An antibody-drug conjugate (ADC) is a relatively new class of chemotherapy, which targets specific cancer cells. An ADC is a monoclonal antibody (such as trastuzumab) directly linked to a chemotherapy drug. It helps the chemotherapy drug find the cancer cells more effectively, as the monoclonal antibody targets and binds to the cell and the chemotherapy drug becomes active as it enters the cell. This allows chemotherapy to be more targeted and lessens its effect on non-cancer cells.

Currently, both trastuzumab emtansine (T-DM1 or Kadycla®) and trastuzumab deruxtecan (Enhertu®) are approved by NICE for people with secondary HER2-positive breast cancer after having had at least one line of treatment with an anti HER2-chemotherapy combination6,7. For treating unresectable triple negative advanced breast cancer, the ADC sacituzumab govitecan (Trodelvy®) is recommended after two or more systemic therapies, at least one of which was for advanced disease8.

How is chemotherapy given for breast cancer?

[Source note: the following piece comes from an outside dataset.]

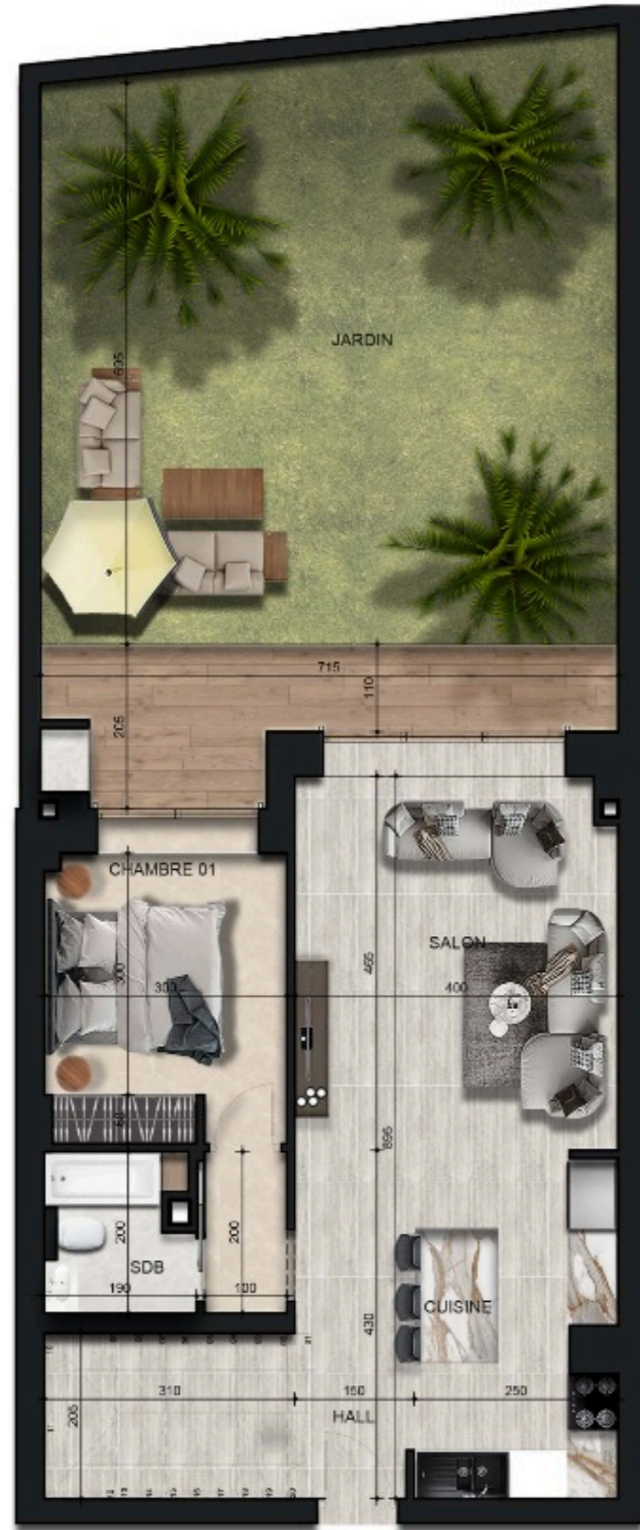
DUP B0-5/S+3 - PLAN RDC -

Chemotherapy can be given in various ways depending on the type of breast cancer and type of drugs you are receiving. Your doctor will discuss the option that is most suitable in your situation. The most common ways of having chemotherapies are directly into the bloodstream (intravenously) or taking them in the form of tablets or capsules, also known as oral administration. Let’s take a look at these in more detail.

Via the bloodstream

During intravenous administration the chemotherapy drug is directly delivered into your bloodstream. The chemotherapy can be given intravenously in different ways, for example via:

  • A cannula – a small tube which is inserted into a vein in your hand or lower arm9.
  • A central line, also known as a central venous catheter (CVC). This is a long thin tube inserted into a vein and directed towards a large vein in the chest, close to the heart. A PICC line and portacath are two common types of central lines9.
    • PICC line – a thin tube which runs up a small vein inside your arm and ends into the large vein close to the heart.
    • Portacath – a small reservoir implanted under the skin. The port is connected to a line placed into the large vein close to the heart. The portacath is invisible from the outside of your body.

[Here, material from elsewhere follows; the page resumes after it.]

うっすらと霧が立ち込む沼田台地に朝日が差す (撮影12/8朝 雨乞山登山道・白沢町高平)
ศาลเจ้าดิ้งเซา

Once your cannula, line or port is in the right position, chemotherapy drugs can be administered into the body through injection or infusion (as a drip).

Orally

Chemotherapy that can be swallowed is available in various forms such as tablets, capsules and liquid. Capecitabine (Xeloda®) is an example. Oral chemotherapy medications have a protective coating that dissolves in the stomach. The released medication is absorbed through the stomach lining. Some medications have unique coatings for delayed or extended release. This allows longer time intervals between the doses. It is important to follow the instructions your doctor or nurse will give you about the type of chemotherapy you will receive. They will explain to you when to take the medication, how often to take it and any special instructions such as if there is anything you should not eat while taking them.

What to expect at the different stages of chemotherapy 

What to expect before receiving chemotherapy for breast cancer?

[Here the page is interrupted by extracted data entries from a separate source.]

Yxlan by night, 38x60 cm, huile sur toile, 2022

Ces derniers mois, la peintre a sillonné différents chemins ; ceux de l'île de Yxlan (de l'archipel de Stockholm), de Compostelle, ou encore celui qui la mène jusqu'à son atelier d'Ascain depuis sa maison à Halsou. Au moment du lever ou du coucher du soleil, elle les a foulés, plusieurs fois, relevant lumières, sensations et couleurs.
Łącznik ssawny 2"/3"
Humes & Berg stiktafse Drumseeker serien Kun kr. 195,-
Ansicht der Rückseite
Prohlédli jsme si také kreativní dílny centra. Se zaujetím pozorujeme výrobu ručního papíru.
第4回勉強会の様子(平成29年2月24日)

When you are diagnosed with cancer, you will meet with your oncologist and a team of experts will be involved to provide best care. The experts in your care team will advise chemotherapy if they believe it is the most suitable choice. However, it is important to realise that your voice and preferences play a crucial role in determining your treatment plan.

Normally, chemotherapy is given in cycles. Each cycle includes a chemotherapy session and a rest period. A full treatment of chemotherapy consists of multiple cycles, which is called a regimen. The duration of each regimen and total time required to complete depends on the type of chemotherapy medicines you get. Generally, a regimen takes about three to six months10. Your doctor will suggest a chemotherapy treatment regimen including details about the duration of each cycle and the advantages and side effects.

Tips for before you receive chemotherapy for breast cancer
  • All information you receive after being diagnosed can be quite overwhelming. Make a list of questions and concerns you have for your care team. You could think about questions on possible side effects, the effectiveness of the treatment and what other options are available. The OWise app can help you with this as it contains suggested questions that can help you prepare for your appointments.
  • It is important to let your doctor know about the other medicines, vitamins and supplements you take. This is because there are some medications and foods that can interact with chemotherapy and can have a negative effect treatment
  • If relevant, discuss your fertility preservation options with a fertility specialist or counsellor
  • Talk to others about the support you will need for things like transportation to chemotherapy appointments, chores and child/pet care. Also think about joining a support group.
  • If you are working, you can talk to your employer about how much time you will need off and if it is possible to work flexible hours.
  • Increasing your physical fitness before starting chemotherapy treatment improves your tolerance of the treatment and is associated with higher chemotherapy completion rates

What to expect while receiving chemotherapy for breast cancer?

There are different places at which you can receive chemotherapy. You can receive chemotherapy in a hospital, doctor’s office or an infusion centre. Before receiving chemotherapy, some measurements will be done to check your health, such as measuring your blood pressure, pulse and temperature, and a blood sample will be taken to count the amount of red and white blood cells in your blood10,11. Your height and weight will be measured to determine the right dose of chemotherapy.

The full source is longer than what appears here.